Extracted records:
━━━

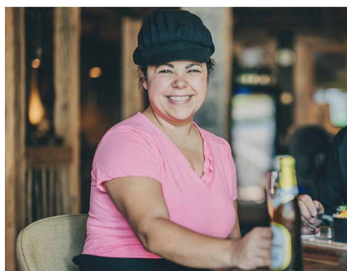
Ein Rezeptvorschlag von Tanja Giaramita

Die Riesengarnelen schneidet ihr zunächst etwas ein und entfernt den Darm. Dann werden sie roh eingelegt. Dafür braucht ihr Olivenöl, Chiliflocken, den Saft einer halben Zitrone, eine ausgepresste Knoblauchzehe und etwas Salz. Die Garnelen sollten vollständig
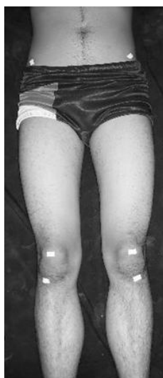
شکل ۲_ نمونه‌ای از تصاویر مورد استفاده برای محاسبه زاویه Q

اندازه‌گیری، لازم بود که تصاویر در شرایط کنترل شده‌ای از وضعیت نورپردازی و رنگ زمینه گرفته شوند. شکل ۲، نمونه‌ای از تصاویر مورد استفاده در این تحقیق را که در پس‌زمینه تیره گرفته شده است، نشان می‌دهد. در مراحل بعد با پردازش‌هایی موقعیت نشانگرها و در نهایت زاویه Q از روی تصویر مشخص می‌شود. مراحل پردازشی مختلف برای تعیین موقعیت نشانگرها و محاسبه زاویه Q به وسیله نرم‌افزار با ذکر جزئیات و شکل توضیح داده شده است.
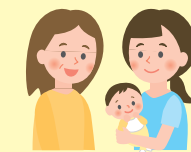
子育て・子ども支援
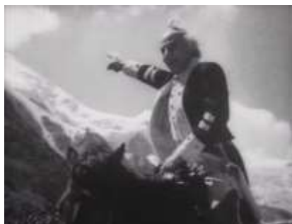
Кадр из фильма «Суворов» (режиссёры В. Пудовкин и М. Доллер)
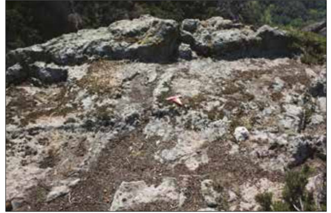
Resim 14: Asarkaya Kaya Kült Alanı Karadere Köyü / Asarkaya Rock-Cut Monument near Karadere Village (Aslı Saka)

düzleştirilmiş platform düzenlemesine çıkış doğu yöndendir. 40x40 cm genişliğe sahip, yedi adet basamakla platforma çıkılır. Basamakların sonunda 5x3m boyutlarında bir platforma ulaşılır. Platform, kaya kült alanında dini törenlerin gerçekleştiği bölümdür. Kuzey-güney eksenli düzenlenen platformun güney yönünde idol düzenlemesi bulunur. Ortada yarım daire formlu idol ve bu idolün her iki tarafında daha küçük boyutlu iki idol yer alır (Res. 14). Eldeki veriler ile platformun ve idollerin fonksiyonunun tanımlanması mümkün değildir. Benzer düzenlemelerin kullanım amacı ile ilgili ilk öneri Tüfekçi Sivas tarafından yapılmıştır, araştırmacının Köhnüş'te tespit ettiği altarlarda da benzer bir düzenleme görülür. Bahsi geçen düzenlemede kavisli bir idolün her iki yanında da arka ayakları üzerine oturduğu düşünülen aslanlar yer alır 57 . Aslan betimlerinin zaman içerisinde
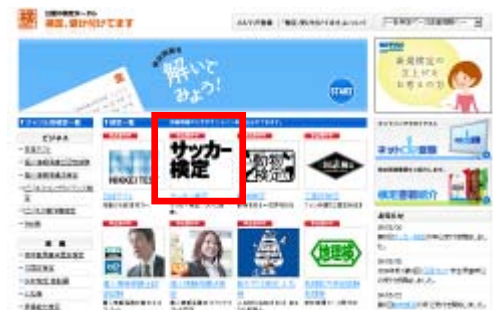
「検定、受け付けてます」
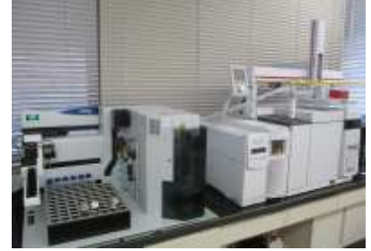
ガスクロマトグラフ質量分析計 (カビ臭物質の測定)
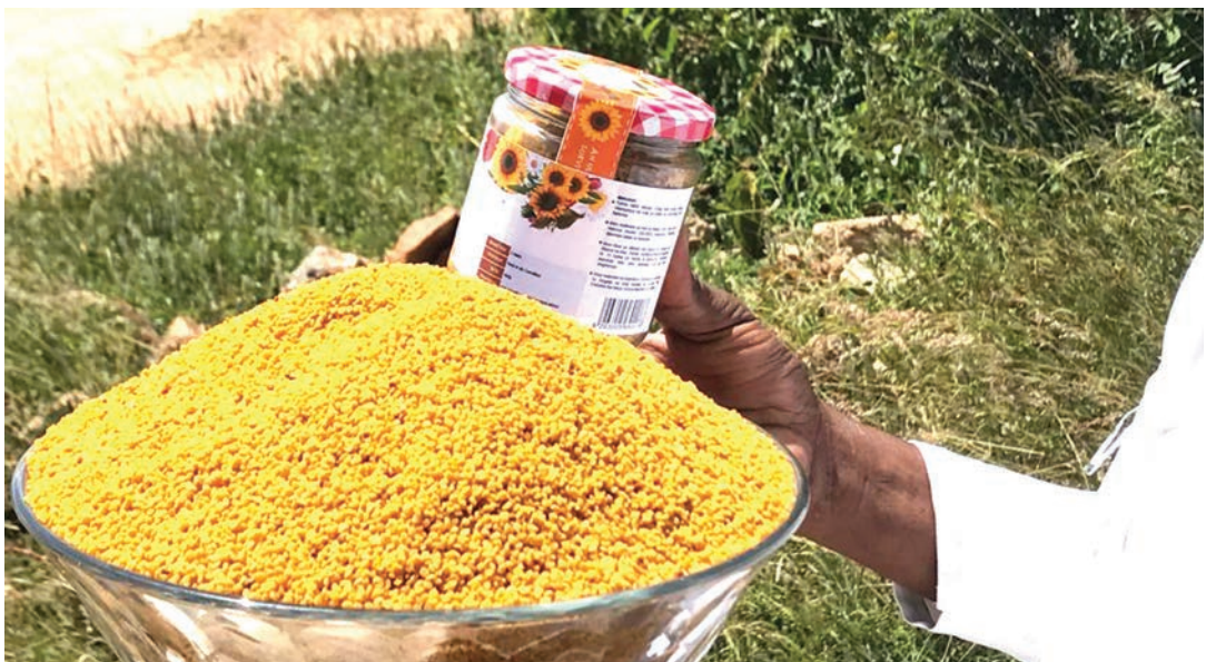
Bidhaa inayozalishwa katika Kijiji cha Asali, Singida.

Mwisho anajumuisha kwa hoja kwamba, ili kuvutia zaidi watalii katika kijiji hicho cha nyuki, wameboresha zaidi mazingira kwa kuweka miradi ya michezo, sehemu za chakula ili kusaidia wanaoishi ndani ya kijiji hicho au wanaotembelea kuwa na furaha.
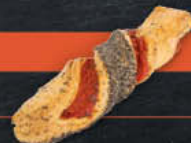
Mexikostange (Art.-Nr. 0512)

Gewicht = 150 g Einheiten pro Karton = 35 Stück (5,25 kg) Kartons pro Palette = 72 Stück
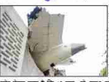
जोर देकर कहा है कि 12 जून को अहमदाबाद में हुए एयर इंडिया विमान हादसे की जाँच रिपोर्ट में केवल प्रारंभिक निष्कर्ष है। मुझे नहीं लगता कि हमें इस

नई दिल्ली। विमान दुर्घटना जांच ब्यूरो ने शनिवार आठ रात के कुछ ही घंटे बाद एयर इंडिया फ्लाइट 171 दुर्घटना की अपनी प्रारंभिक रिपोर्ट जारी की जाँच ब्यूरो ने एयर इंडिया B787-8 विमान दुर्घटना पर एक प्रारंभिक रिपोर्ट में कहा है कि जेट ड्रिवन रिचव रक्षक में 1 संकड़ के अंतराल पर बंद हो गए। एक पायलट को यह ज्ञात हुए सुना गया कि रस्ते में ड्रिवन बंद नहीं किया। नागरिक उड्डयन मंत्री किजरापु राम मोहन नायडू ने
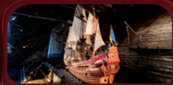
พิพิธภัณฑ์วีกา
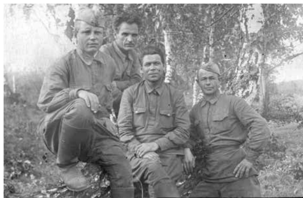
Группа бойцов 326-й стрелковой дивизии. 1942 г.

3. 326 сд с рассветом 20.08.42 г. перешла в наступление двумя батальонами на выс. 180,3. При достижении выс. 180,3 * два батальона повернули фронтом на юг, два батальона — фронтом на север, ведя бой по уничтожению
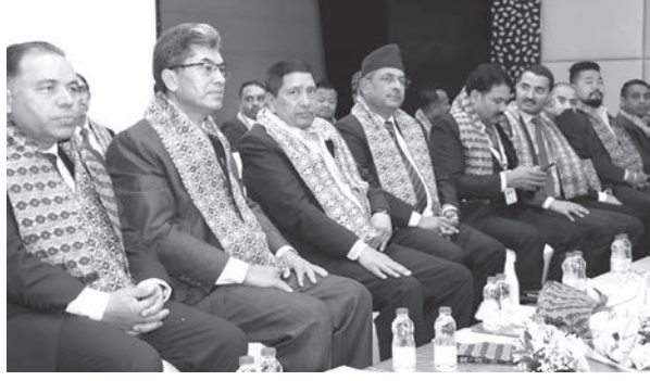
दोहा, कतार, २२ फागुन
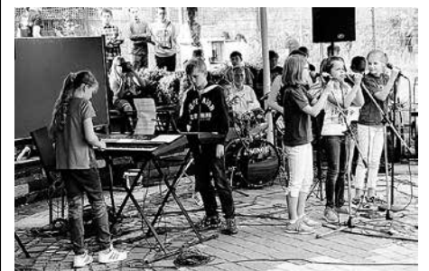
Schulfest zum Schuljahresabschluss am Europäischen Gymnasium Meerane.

━━━

Go through the entries above and print each one exactly, minus the pictures.

**Answer section**
Ein Rezeptvorschlag von Tanja Giaramita

Die Riesengarnelen schneidet ihr zunächst etwas ein und entfernt den Darm. Dann werden sie roh eingelegt. Dafür braucht ihr Olivenöl, Chiliflocken, den Saft einer halben Zitrone, eine ausgepresste Knoblauchzehe und etwas Salz. Die Garnelen sollten vollständig
شکل ۲_ نمونه‌ای از تصاویر مورد استفاده برای محاسبه زاویه Q

اندازه‌گیری، لازم بود که تصاویر در شرایط کنترل شده‌ای از وضعیت نورپردازی و رنگ زمینه گرفته شوند. شکل ۲، نمونه‌ای از تصاویر مورد استفاده در این تحقیق را که در پس‌زمینه تیره گرفته شده است، نشان می‌دهد. در مراحل بعد با پردازش‌هایی موقعیت نشانگرها و در نهایت زاویه Q از روی تصویر مشخص می‌شود. مراحل پردازشی مختلف برای تعیین موقعیت نشانگرها و محاسبه زاویه Q به وسیله نرم‌افزار با ذکر جزئیات و شکل توضیح داده شده است.
子育て・子ども支援
Кадр из фильма «Суворов» (режиссёры В. Пудовкин и М. Доллер)
Resim 14: Asarkaya Kaya Kült Alanı Karadere Köyü / Asarkaya Rock-Cut Monument near Karadere Village (Aslı Saka)

düzleştirilmiş platform düzenlemesine çıkış doğu yöndendir. 40x40 cm genişliğe sahip, yedi adet basamakla platforma çıkılır. Basamakların sonunda 5x3m boyutlarında bir platforma ulaşılır. Platform, kaya kült alanında dini törenlerin gerçekleştiği bölümdür. Kuzey-güney eksenli düzenlenen platformun güney yönünde idol düzenlemesi bulunur. Ortada yarım daire formlu idol ve bu idolün her iki tarafında daha küçük boyutlu iki idol yer alır (Res. 14). Eldeki veriler ile platformun ve idollerin fonksiyonunun tanımlanması mümkün değildir. Benzer düzenlemelerin kullanım amacı ile ilgili ilk öneri Tüfekçi Sivas tarafından yapılmıştır, araştırmacının Köhnüş'te tespit ettiği altarlarda da benzer bir düzenleme görülür. Bahsi geçen düzenlemede kavisli bir idolün her iki yanında da arka ayakları üzerine oturduğu düşünülen aslanlar yer alır 57 . Aslan betimlerinin zaman içerisinde
「検定、受け付けてます」
ガスクロマトグラフ質量分析計 (カビ臭物質の測定)
Bidhaa inayozalishwa katika Kijiji cha Asali, Singida.

Mwisho anajumuisha kwa hoja kwamba, ili kuvutia zaidi watalii katika kijiji hicho cha nyuki, wameboresha zaidi mazingira kwa kuweka miradi ya michezo, sehemu za chakula ili kusaidia wanaoishi ndani ya kijiji hicho au wanaotembelea kuwa na furaha.
Mexikostange (Art.-Nr. 0512)

Gewicht = 150 g Einheiten pro Karton = 35 Stück (5,25 kg) Kartons pro Palette = 72 Stück
जोर देकर कहा है कि 12 जून को अहमदाबाद में हुए एयर इंडिया विमान हादसे की जाँच रिपोर्ट में केवल प्रारंभिक निष्कर्ष है। मुझे नहीं लगता कि हमें इस

नई दिल्ली। विमान दुर्घटना जांच ब्यूरो ने शनिवार आठ रात के कुछ ही घंटे बाद एयर इंडिया फ्लाइट 171 दुर्घटना की अपनी प्रारंभिक रिपोर्ट जारी की जाँच ब्यूरो ने एयर इंडिया B787-8 विमान दुर्घटना पर एक प्रारंभिक रिपोर्ट में कहा है कि जेट ड्रिवन रिचव रक्षक में 1 संकड़ के अंतराल पर बंद हो गए। एक पायलट को यह ज्ञात हुए सुना गया कि रस्ते में ड्रिवन बंद नहीं किया। नागरिक उड्डयन मंत्री किजरापु राम मोहन नायडू ने
พิพิธภัณฑ์วีกา
Группа бойцов 326-й стрелковой дивизии. 1942 г.

3. 326 сд с рассветом 20.08.42 г. перешла в наступление двумя батальонами на выс. 180,3. При достижении выс. 180,3 * два батальона повернули фронтом на юг, два батальона — фронтом на север, ведя бой по уничтожению
दोहा, कतार, २२ फागुन
Schulfest zum Schuljahresabschluss am Europäischen Gymnasium Meerane.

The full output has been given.